* EXERCISE MATERIAL:
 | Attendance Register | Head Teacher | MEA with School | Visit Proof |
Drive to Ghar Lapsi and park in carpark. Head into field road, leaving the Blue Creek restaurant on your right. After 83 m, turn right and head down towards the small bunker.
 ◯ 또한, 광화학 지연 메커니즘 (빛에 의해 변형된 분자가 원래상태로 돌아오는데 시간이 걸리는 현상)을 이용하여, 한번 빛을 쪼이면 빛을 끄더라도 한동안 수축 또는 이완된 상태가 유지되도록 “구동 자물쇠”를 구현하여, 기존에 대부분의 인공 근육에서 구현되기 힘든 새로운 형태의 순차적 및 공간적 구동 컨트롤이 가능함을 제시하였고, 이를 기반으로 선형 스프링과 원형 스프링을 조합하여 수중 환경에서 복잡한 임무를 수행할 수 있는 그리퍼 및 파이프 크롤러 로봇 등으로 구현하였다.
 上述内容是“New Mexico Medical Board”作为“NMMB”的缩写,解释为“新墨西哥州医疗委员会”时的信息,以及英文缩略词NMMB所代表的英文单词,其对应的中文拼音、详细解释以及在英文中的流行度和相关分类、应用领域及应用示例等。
==
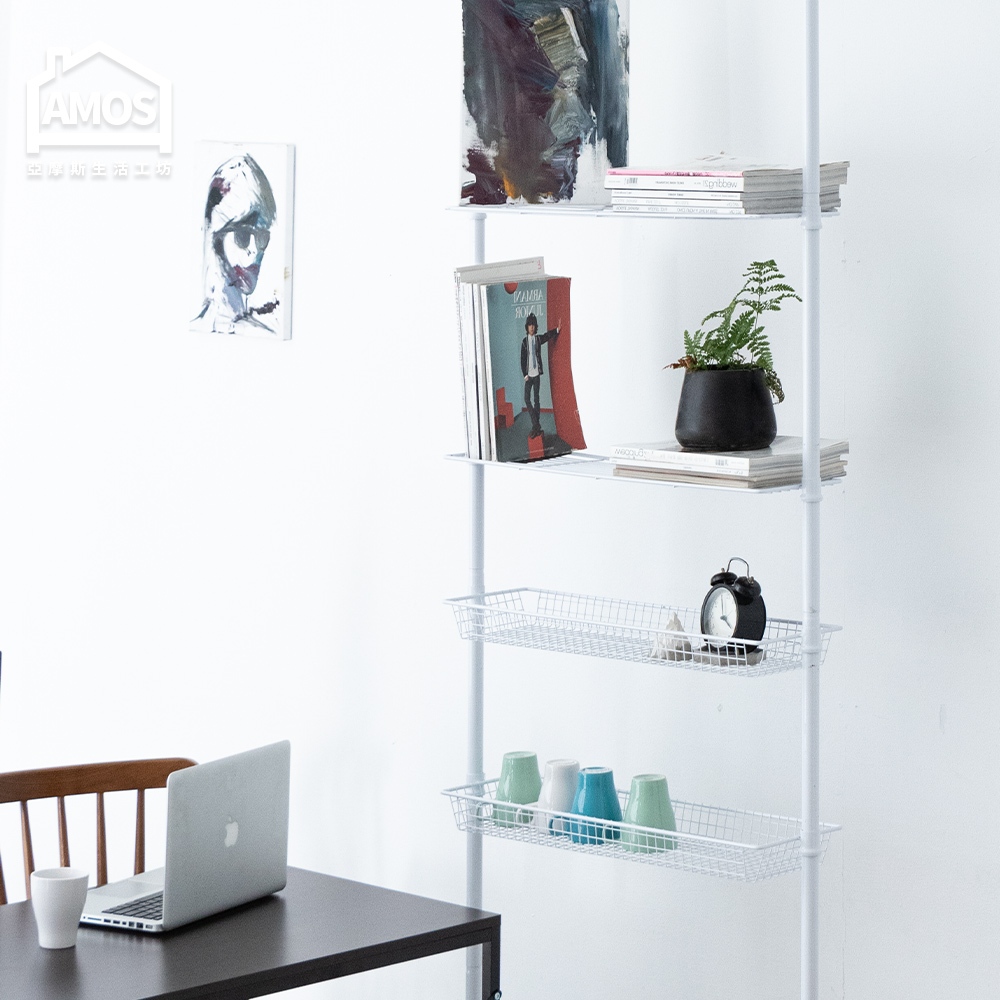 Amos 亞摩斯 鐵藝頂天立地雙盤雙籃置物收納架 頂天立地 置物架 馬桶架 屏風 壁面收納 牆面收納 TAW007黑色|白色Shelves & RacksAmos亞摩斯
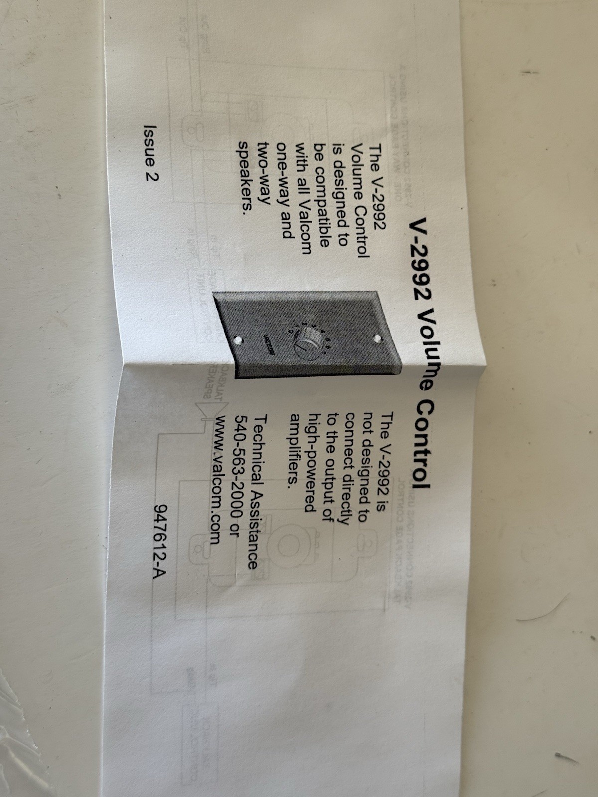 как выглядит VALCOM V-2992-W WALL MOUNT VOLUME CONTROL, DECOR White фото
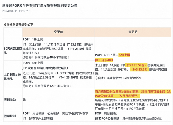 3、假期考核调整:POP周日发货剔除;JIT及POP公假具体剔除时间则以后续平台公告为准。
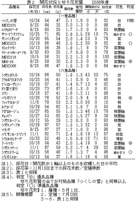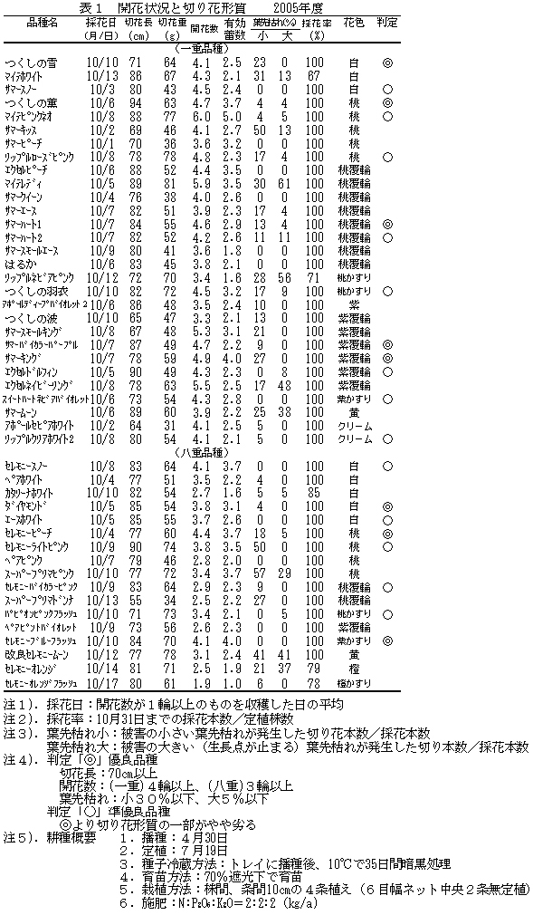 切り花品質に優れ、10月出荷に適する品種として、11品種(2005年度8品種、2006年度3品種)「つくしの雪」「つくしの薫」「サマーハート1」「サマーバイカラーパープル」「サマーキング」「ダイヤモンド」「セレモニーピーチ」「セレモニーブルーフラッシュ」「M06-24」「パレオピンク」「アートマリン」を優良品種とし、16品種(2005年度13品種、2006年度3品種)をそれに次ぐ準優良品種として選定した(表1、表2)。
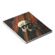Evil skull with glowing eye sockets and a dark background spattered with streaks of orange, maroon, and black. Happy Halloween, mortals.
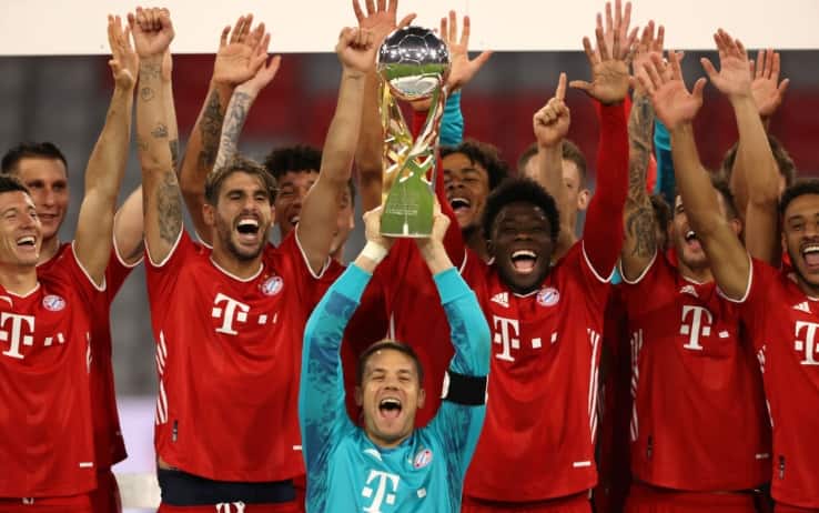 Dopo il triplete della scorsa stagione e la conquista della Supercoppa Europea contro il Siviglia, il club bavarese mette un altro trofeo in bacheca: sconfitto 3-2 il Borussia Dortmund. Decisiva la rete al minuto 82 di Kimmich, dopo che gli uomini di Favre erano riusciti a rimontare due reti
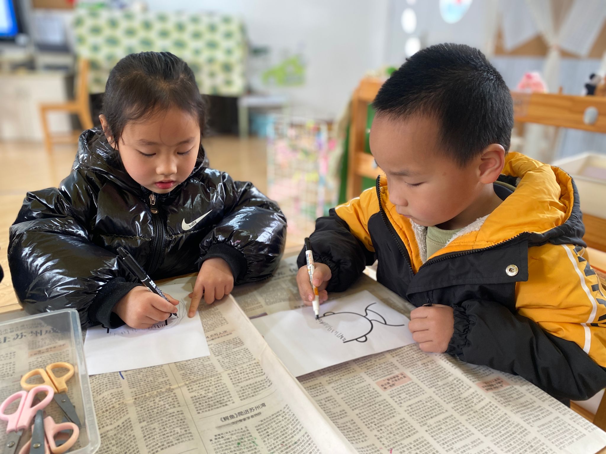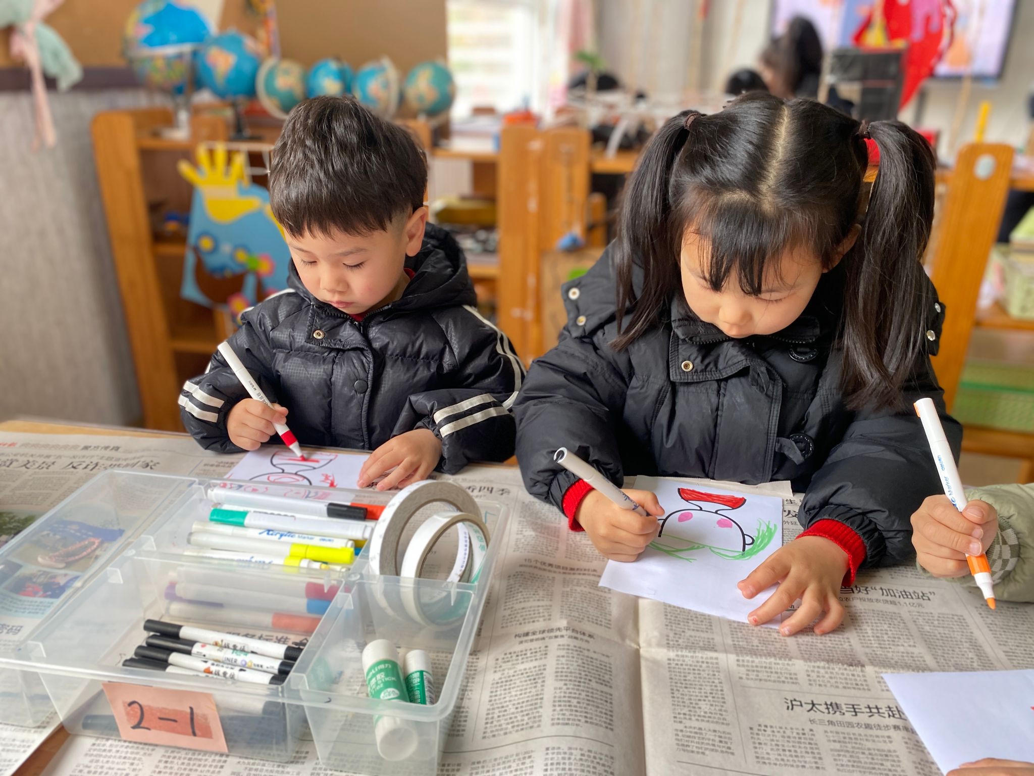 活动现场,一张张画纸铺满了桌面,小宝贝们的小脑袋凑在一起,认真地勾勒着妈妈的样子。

* ABOUT THIS TASK:
Exact copy, no pictures. Write out the lines in the entries above, starting with the line with "切り花品質に優れ、10月出荷" and going on through the line with "Evil skull with", keeping both.

* EXERCISE OUTPUT:
 切り花品質に優れ、10月出荷に適する品種として、11品種(2005年度8品種、2006年度3品種)「つくしの雪」「つくしの薫」「サマーハート1」「サマーバイカラーパープル」「サマーキング」「ダイヤモンド」「セレモニーピーチ」「セレモニーブルーフラッシュ」「M06-24」「パレオピンク」「アートマリン」を優良品種とし、16品種(2005年度13品種、2006年度3品種)をそれに次ぐ準優良品種として選定した(表1、表2)。
Evil skull with glowing eye sockets and a dark background spattered with streaks of orange, maroon, and black. Happy Halloween, mortals.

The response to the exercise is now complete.